══ Dataset records
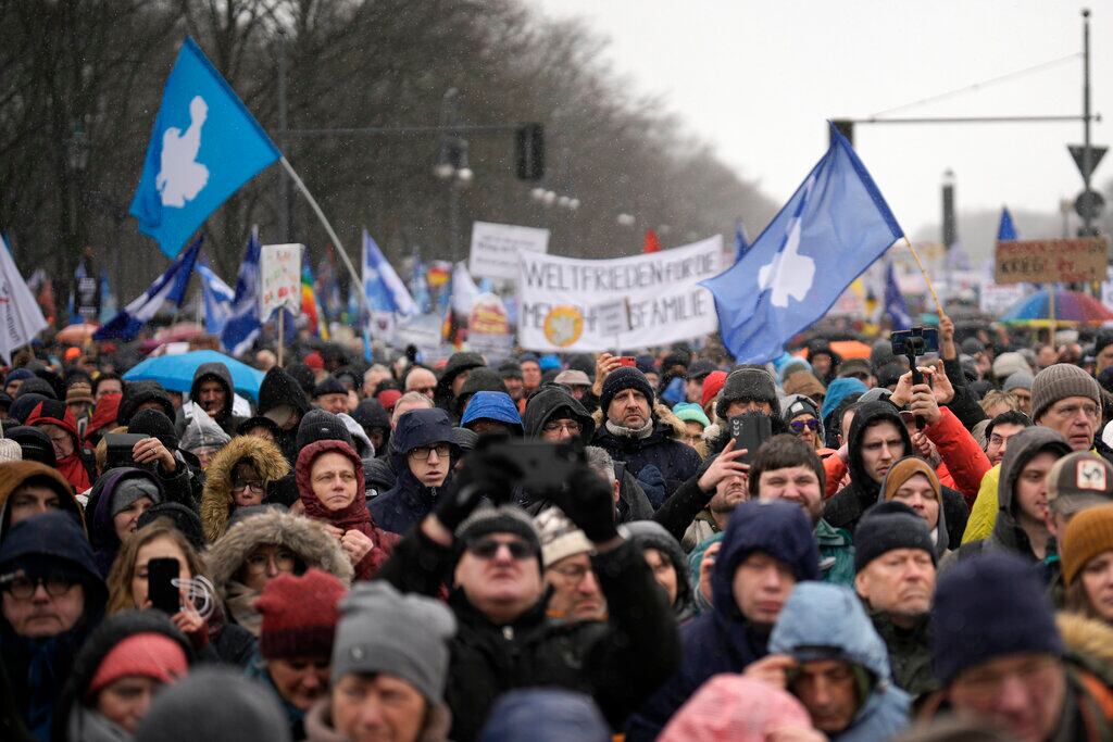 Miles de personas protestaron en Berlín el sábado para condenar el suministro de armas de Alemania a Ucrania y exigir un diálogo de paz para poner fin a la guerra.
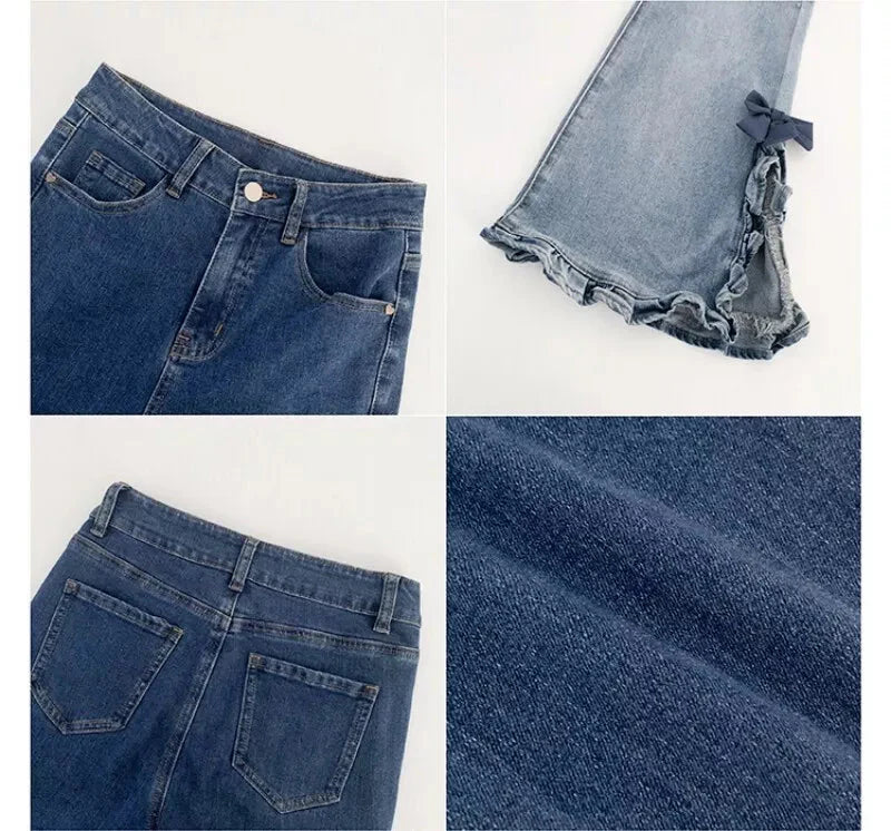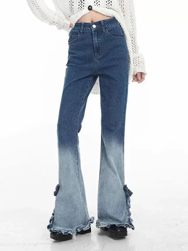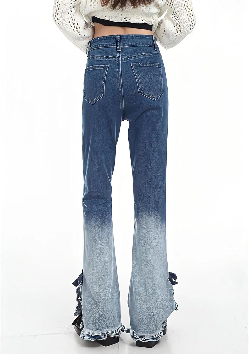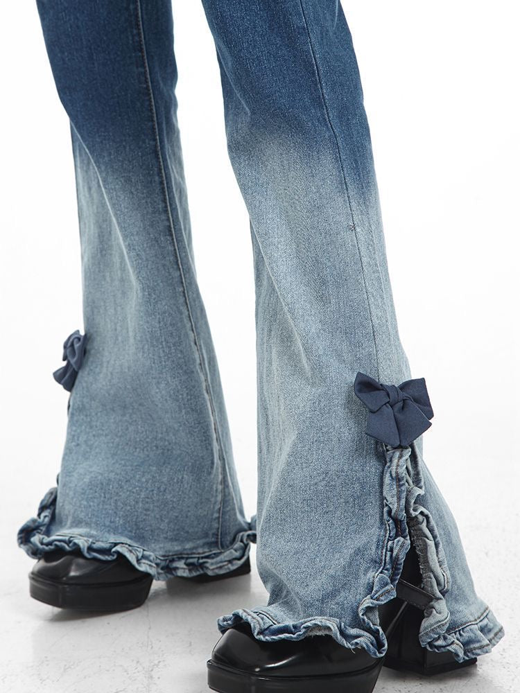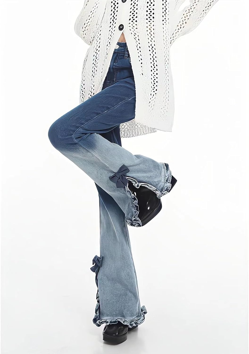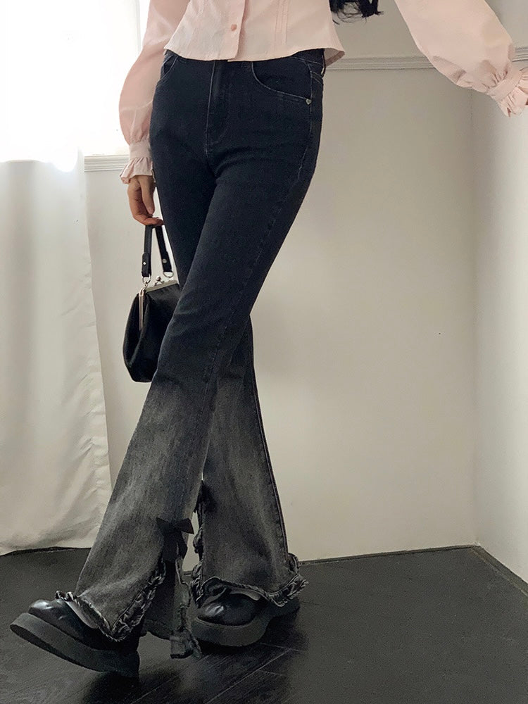 These flare jeans feature a bow detail with a ruffled slit at the bottom hem creating a sleek design.
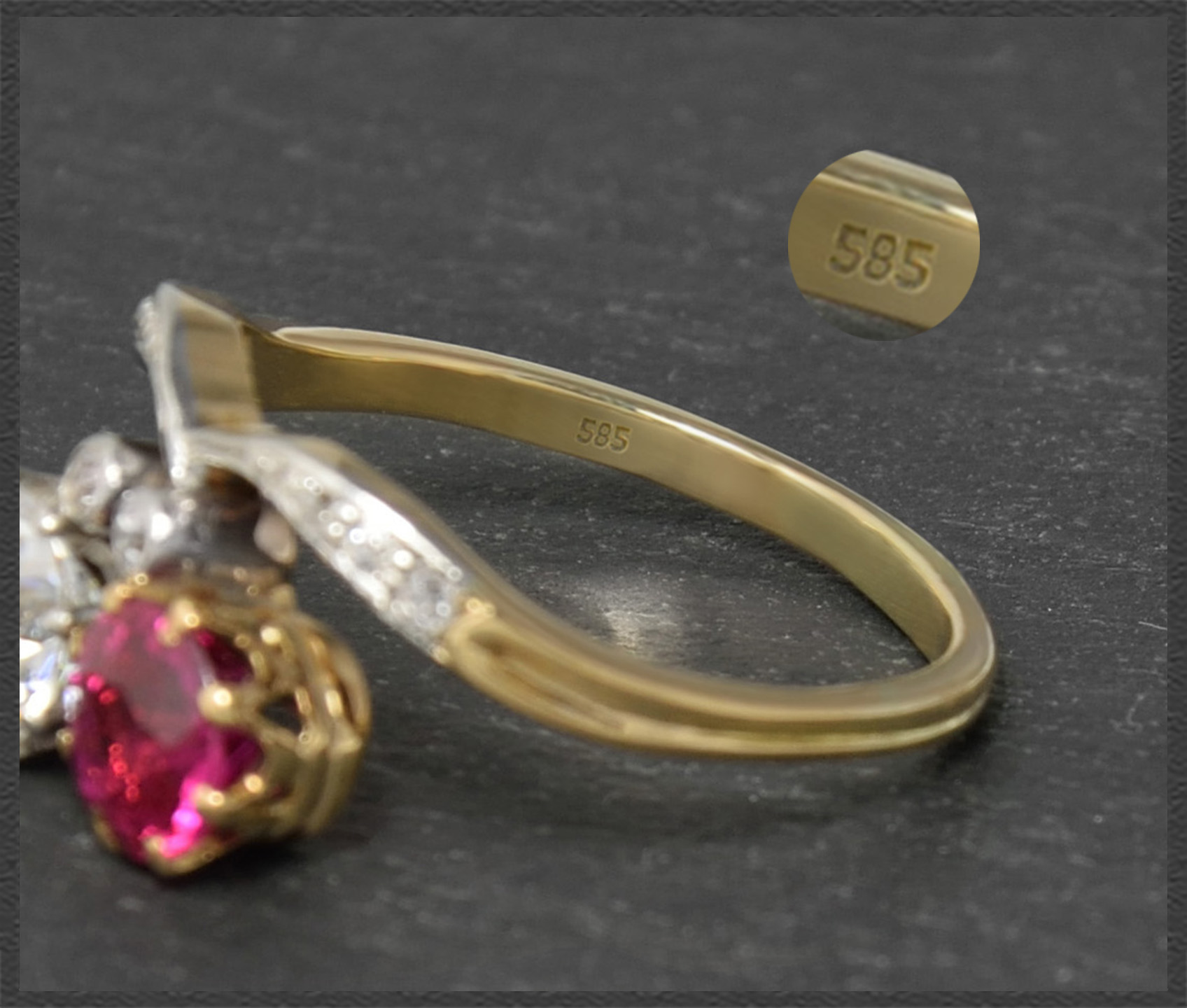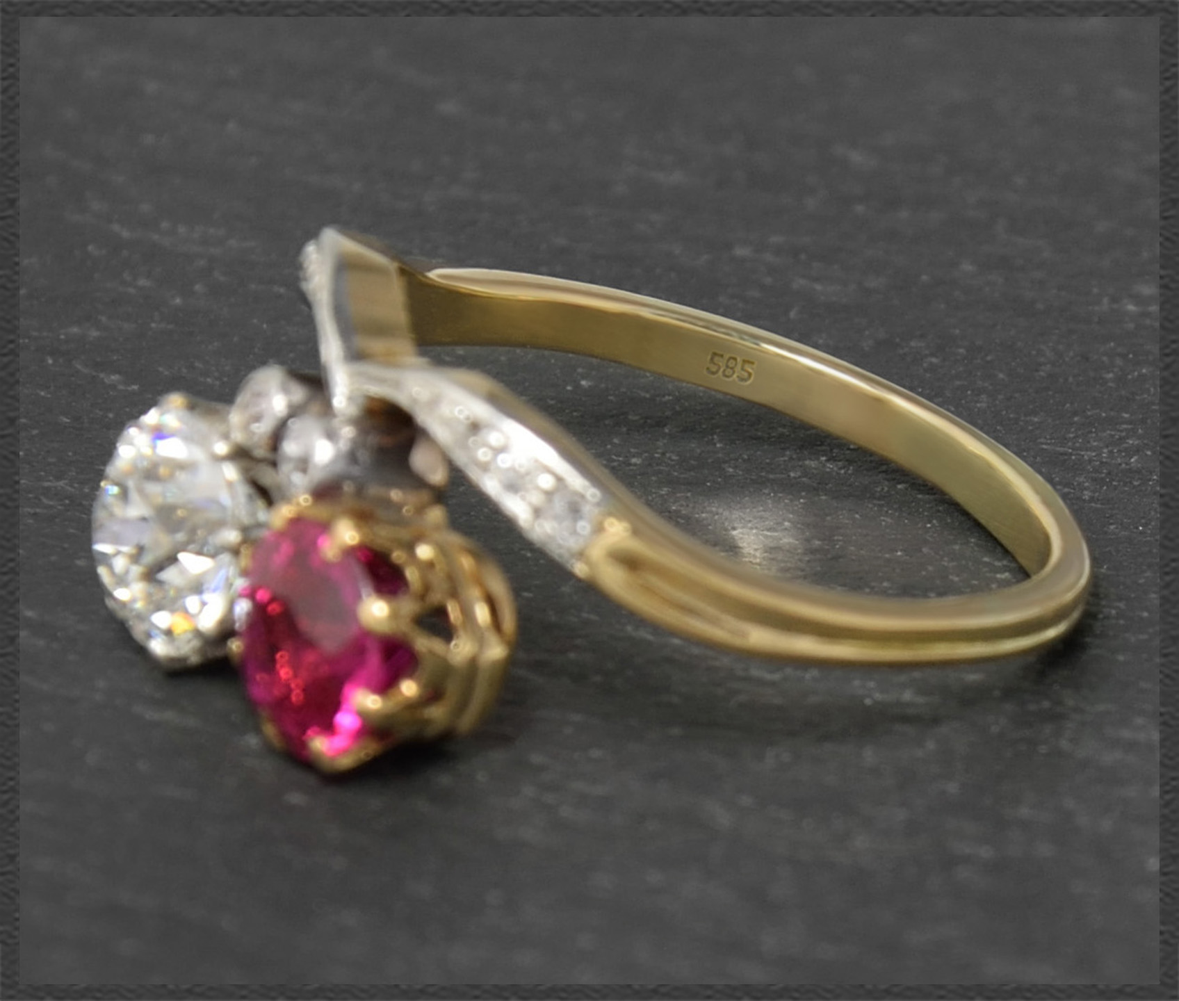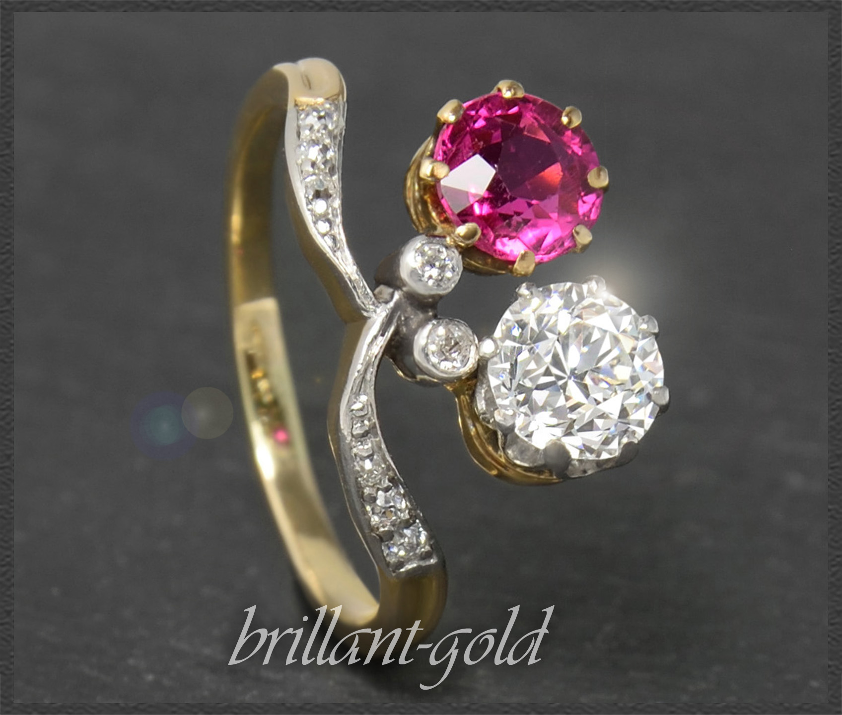 Wunderschöner Ring der Belle Époque, der Begiff "toi et moi" spielt darauf an, dass die etwa gleich großen Edelsteine zwei Liebende darstellen. Eingefasst ist ein wunderschön funkelnder Altschliff Brillant mit ca 1ct in TOP Qualität (River & VS) und ein intensiv pinker Turmalin. Weitere kleirere Diamanten sind am Ring eingefasst. Ein außergewöhnlich schönes & original antikes Schmuckstück.
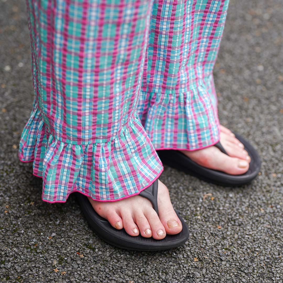 足元はプチプラ『ダイソー』の黒のサンダルを投入。スポーティにバランスを取りつつ、裾のフリルが歩くたびに揺れる夏の軽やかさを演出してくれる。
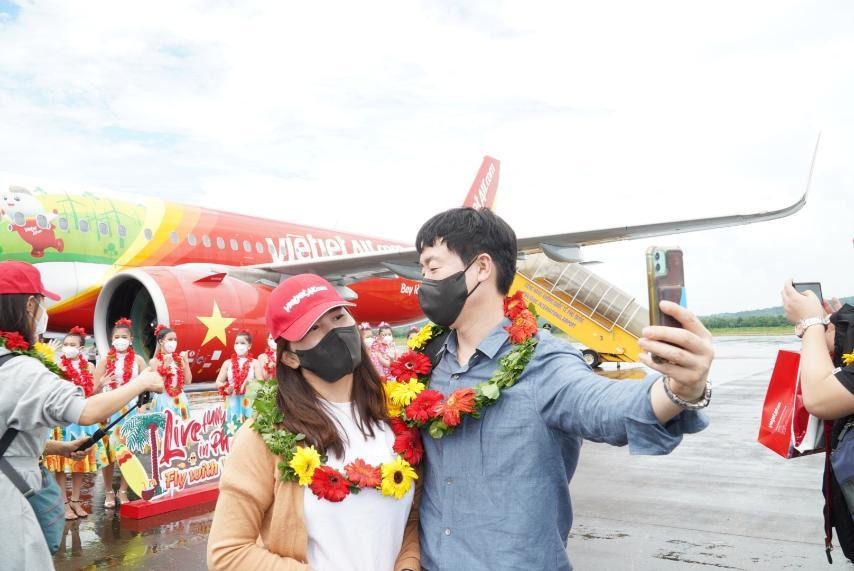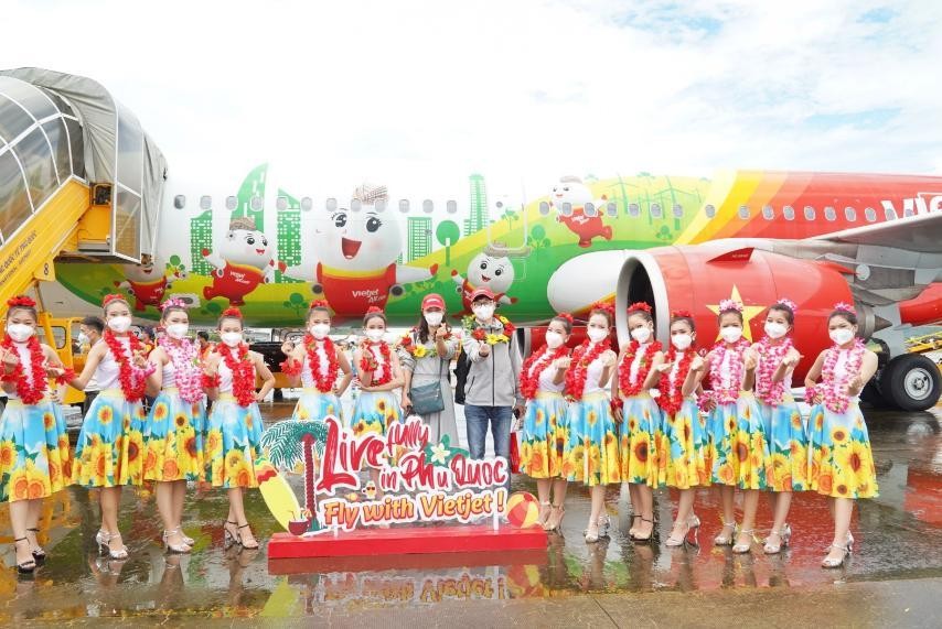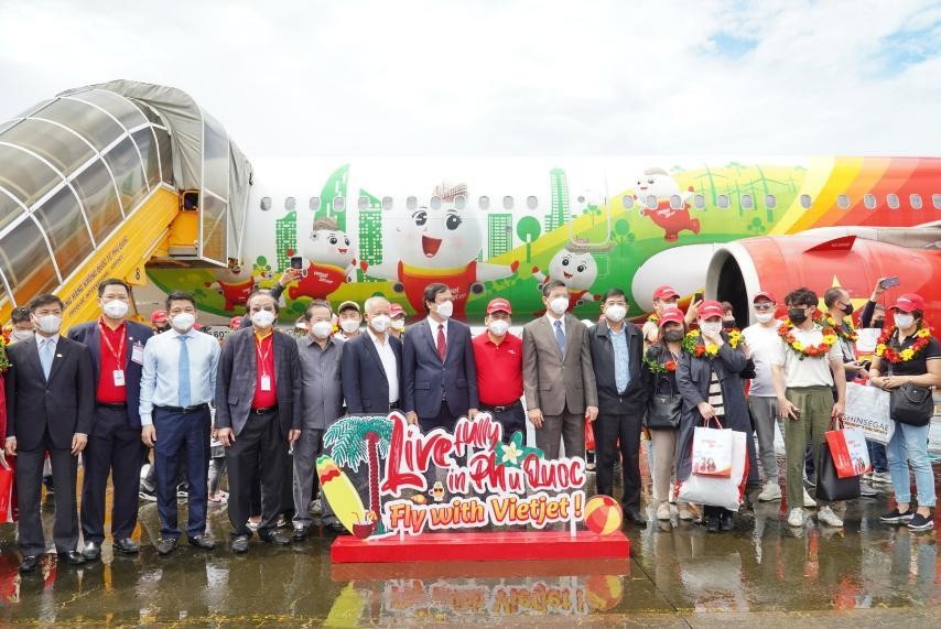 Lễ đón đoàn du khách hộ chiếu vaccine đầu tiên đến thành phố Phú Quốc được tổ chức tại Cảng hàng không quốc tế Phú Quốc với sự tham dự của Tổng Cục trưởng Tổng cục Du lịch Nguyễn Trùng Khánh, Phó Cục trưởng Cục Hàng không Việt Nam Võ Huy Cường và lãnh đạo bộ ngành, tỉnh Kiên Giang, thành phố Phú Quốc và Hãng hàng không Vietjet, Công ty Cổ phần Vinpearl và Công ty TNHH Du lịch Marketing Highland.
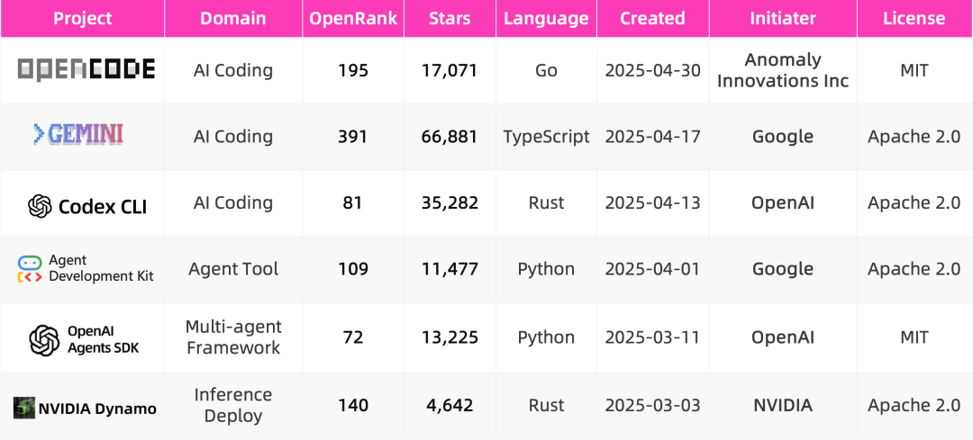 在这些 2025 发起的新势力项目中,OpenCode 来自于创业公司 Anomaly Innovations,并且在发起之日就定位为是 Claude Code 的 100% 开源替代。在剩下的几个项目中,我们可以看出大公司们在模型服务、Agent 开发工具链和 AI Coding 上的开源布局:
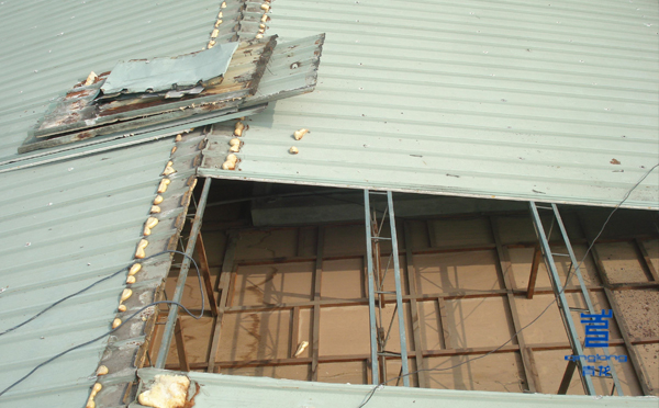 3.加大意外事件发生的概率。一旦遇上恶烈天气,彩钢瓦裂缝很容易被扩大,甚至整个屋面被掀起。
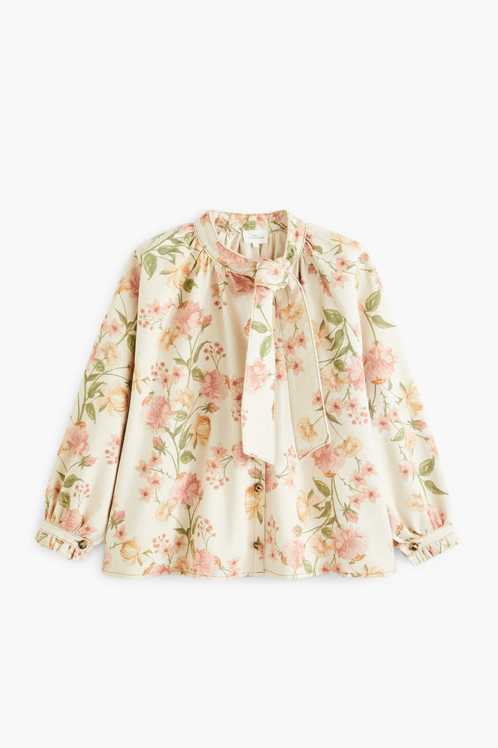 Ce chemisier présente une coupe trapèze et des fronces à l’encolure, apportant volume, légèreté et mouvement à la silhouette. Les manches longues, froncées en tête d’épaule, se terminent par de petits poignets volantés, fermés d’un bouton effet corne. On retrouve une patte de boutonnage légèrement déportée et un col prolongé d’un lien façon col cavalière, à nouer délicatement sur le côté.
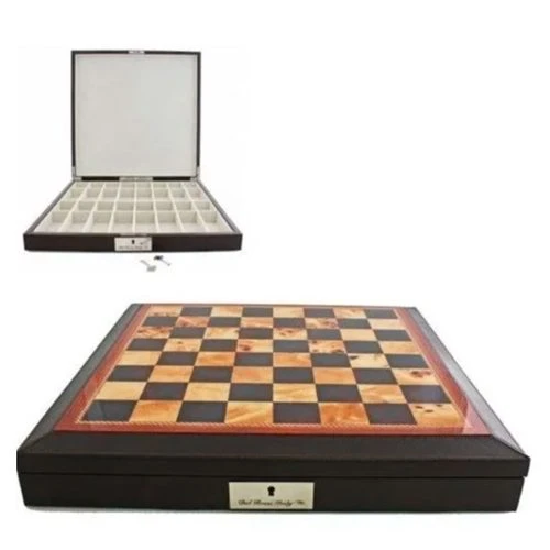 The chess board opens via the hinged lid to access 32 compartments (16 large & 16 small) to conveniently provide storage for the pieces when not in use. The board can be locked.
════
What is expected
Both the first line of the records above and the line containing "Ce chemisier présente" belong in the copy; please return them and every line between, exactly, minus the pictures.

Task result
 Miles de personas protestaron en Berlín el sábado para condenar el suministro de armas de Alemania a Ucrania y exigir un diálogo de paz para poner fin a la guerra.
 These flare jeans feature a bow detail with a ruffled slit at the bottom hem creating a sleek design.
 Wunderschöner Ring der Belle Époque, der Begiff "toi et moi" spielt darauf an, dass die etwa gleich großen Edelsteine zwei Liebende darstellen. Eingefasst ist ein wunderschön funkelnder Altschliff Brillant mit ca 1ct in TOP Qualität (River & VS) und ein intensiv pinker Turmalin. Weitere kleirere Diamanten sind am Ring eingefasst. Ein außergewöhnlich schönes & original antikes Schmuckstück.
 足元はプチプラ『ダイソー』の黒のサンダルを投入。スポーティにバランスを取りつつ、裾のフリルが歩くたびに揺れる夏の軽やかさを演出してくれる。
 Lễ đón đoàn du khách hộ chiếu vaccine đầu tiên đến thành phố Phú Quốc được tổ chức tại Cảng hàng không quốc tế Phú Quốc với sự tham dự của Tổng Cục trưởng Tổng cục Du lịch Nguyễn Trùng Khánh, Phó Cục trưởng Cục Hàng không Việt Nam Võ Huy Cường và lãnh đạo bộ ngành, tỉnh Kiên Giang, thành phố Phú Quốc và Hãng hàng không Vietjet, Công ty Cổ phần Vinpearl và Công ty TNHH Du lịch Marketing Highland.
 在这些 2025 发起的新势力项目中,OpenCode 来自于创业公司 Anomaly Innovations,并且在发起之日就定位为是 Claude Code 的 100% 开源替代。在剩下的几个项目中,我们可以看出大公司们在模型服务、Agent 开发工具链和 AI Coding 上的开源布局:
 3.加大意外事件发生的概率。一旦遇上恶烈天气,彩钢瓦裂缝很容易被扩大,甚至整个屋面被掀起。
 Ce chemisier présente une coupe trapèze et des fronces à l’encolure, apportant volume, légèreté et mouvement à la silhouette. Les manches longues, froncées en tête d’épaule, se terminent par de petits poignets volantés, fermés d’un bouton effet corne. On retrouve une patte de boutonnage légèrement déportée et un col prolongé d’un lien façon col cavalière, à nouer délicatement sur le côté.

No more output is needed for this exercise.